**WHAT YOU ARE ASKED TO DO**
A stretch of the entries below is to be set down exactly, running from the line with "Чашки и микрофон" through the line with "フロントフェンダーにはアルピ", both included, and no other line.
--- DATASET Enclosed Below ---
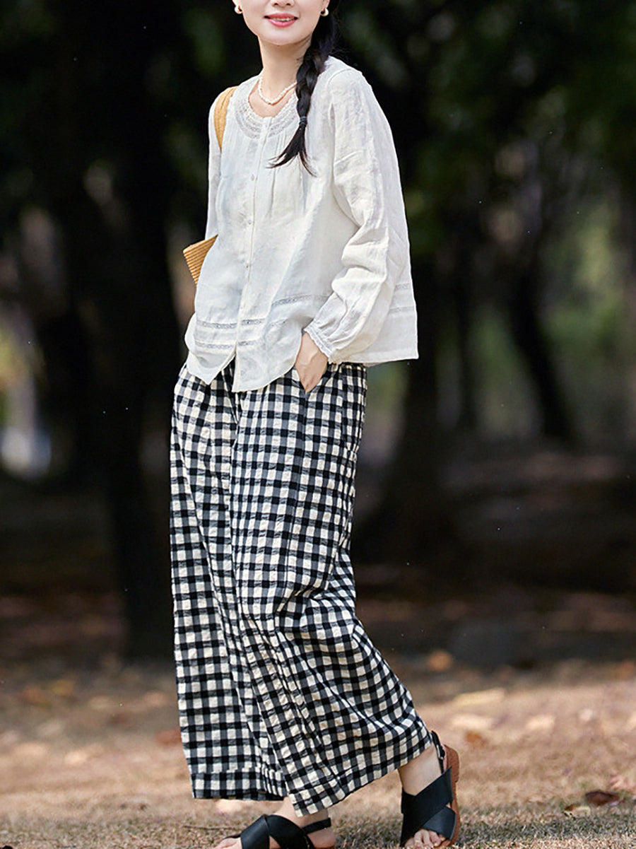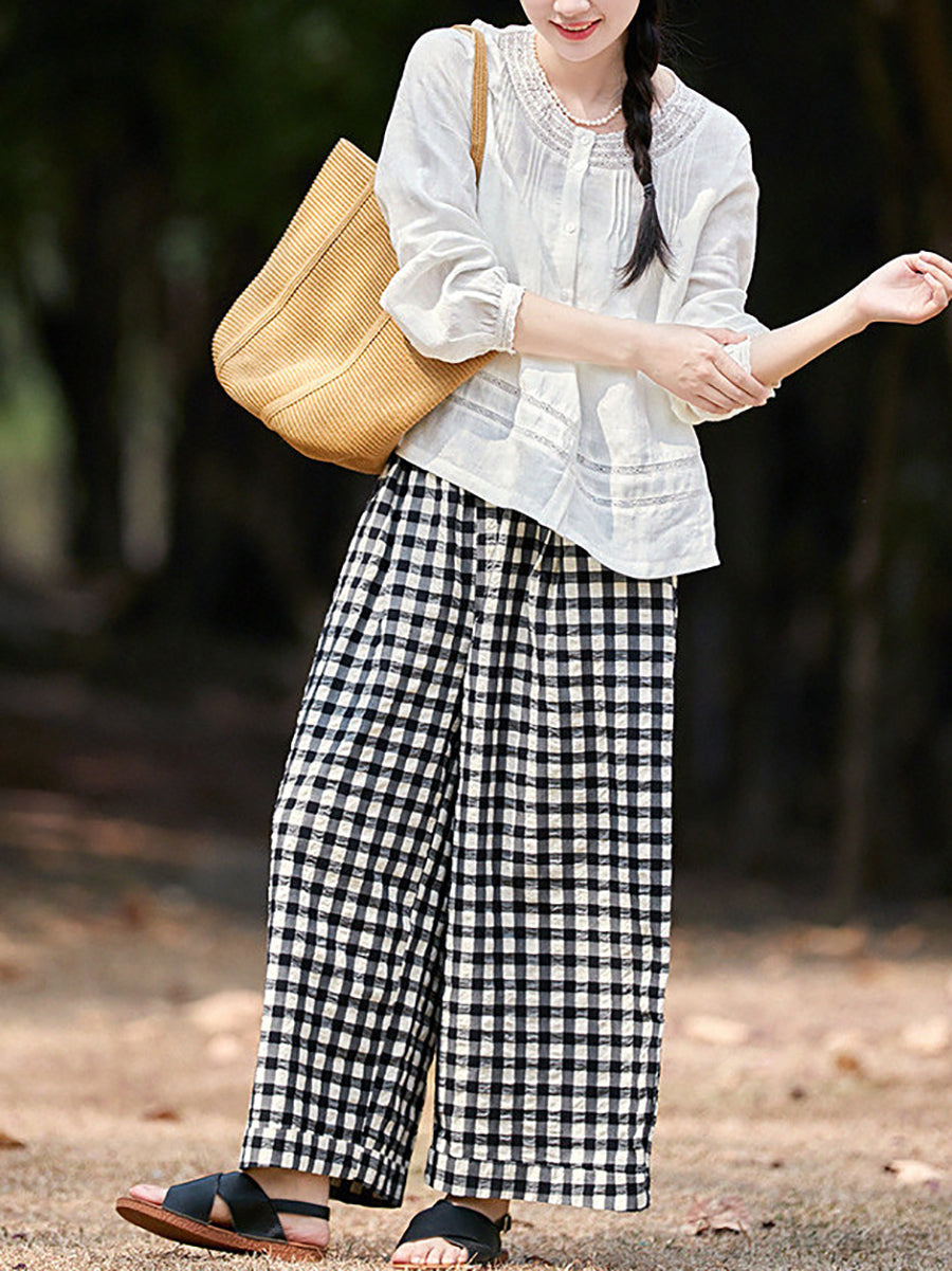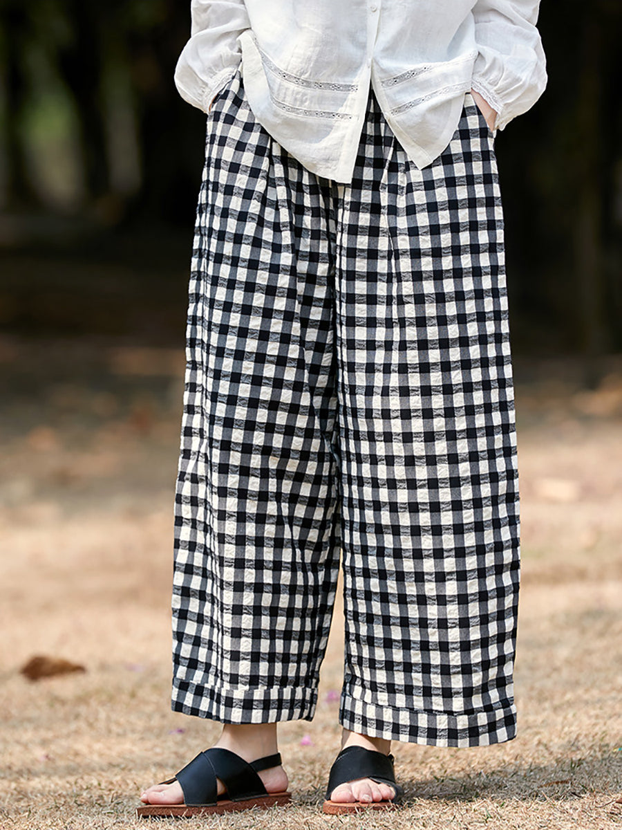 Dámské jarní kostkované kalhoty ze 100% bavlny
--- End of Enclosed DATASET ---
--- DATASET Enclosed Below ---
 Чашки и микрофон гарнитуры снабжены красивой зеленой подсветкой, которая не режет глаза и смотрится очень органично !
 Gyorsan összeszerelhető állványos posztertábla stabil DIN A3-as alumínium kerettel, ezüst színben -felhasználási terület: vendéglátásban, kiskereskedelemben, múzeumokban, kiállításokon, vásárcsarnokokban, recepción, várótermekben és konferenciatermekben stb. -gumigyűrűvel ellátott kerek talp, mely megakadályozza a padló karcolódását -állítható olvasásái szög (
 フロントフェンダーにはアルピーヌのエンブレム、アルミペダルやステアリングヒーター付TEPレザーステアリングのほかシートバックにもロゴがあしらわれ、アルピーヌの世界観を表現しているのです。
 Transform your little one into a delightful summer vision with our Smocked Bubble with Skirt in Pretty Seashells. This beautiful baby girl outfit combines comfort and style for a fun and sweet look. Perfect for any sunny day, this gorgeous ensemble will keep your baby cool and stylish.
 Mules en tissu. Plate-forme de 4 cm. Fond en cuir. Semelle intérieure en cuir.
--- End of Enclosed DATASET ---
**WRITTEN RESPONSE**
 Чашки и микрофон гарнитуры снабжены красивой зеленой подсветкой, которая не режет глаза и смотрится очень органично !
 Gyorsan összeszerelhető állványos posztertábla stabil DIN A3-as alumínium kerettel, ezüst színben -felhasználási terület: vendéglátásban, kiskereskedelemben, múzeumokban, kiállításokon, vásárcsarnokokban, recepción, várótermekben és konferenciatermekben stb. -gumigyűrűvel ellátott kerek talp, mely megakadályozza a padló karcolódását -állítható olvasásái szög (
 フロントフェンダーにはアルピーヌのエンブレム、アルミペダルやステアリングヒーター付TEPレザーステアリングのほかシートバックにもロゴがあしらわれ、アルピーヌの世界観を表現しているのです。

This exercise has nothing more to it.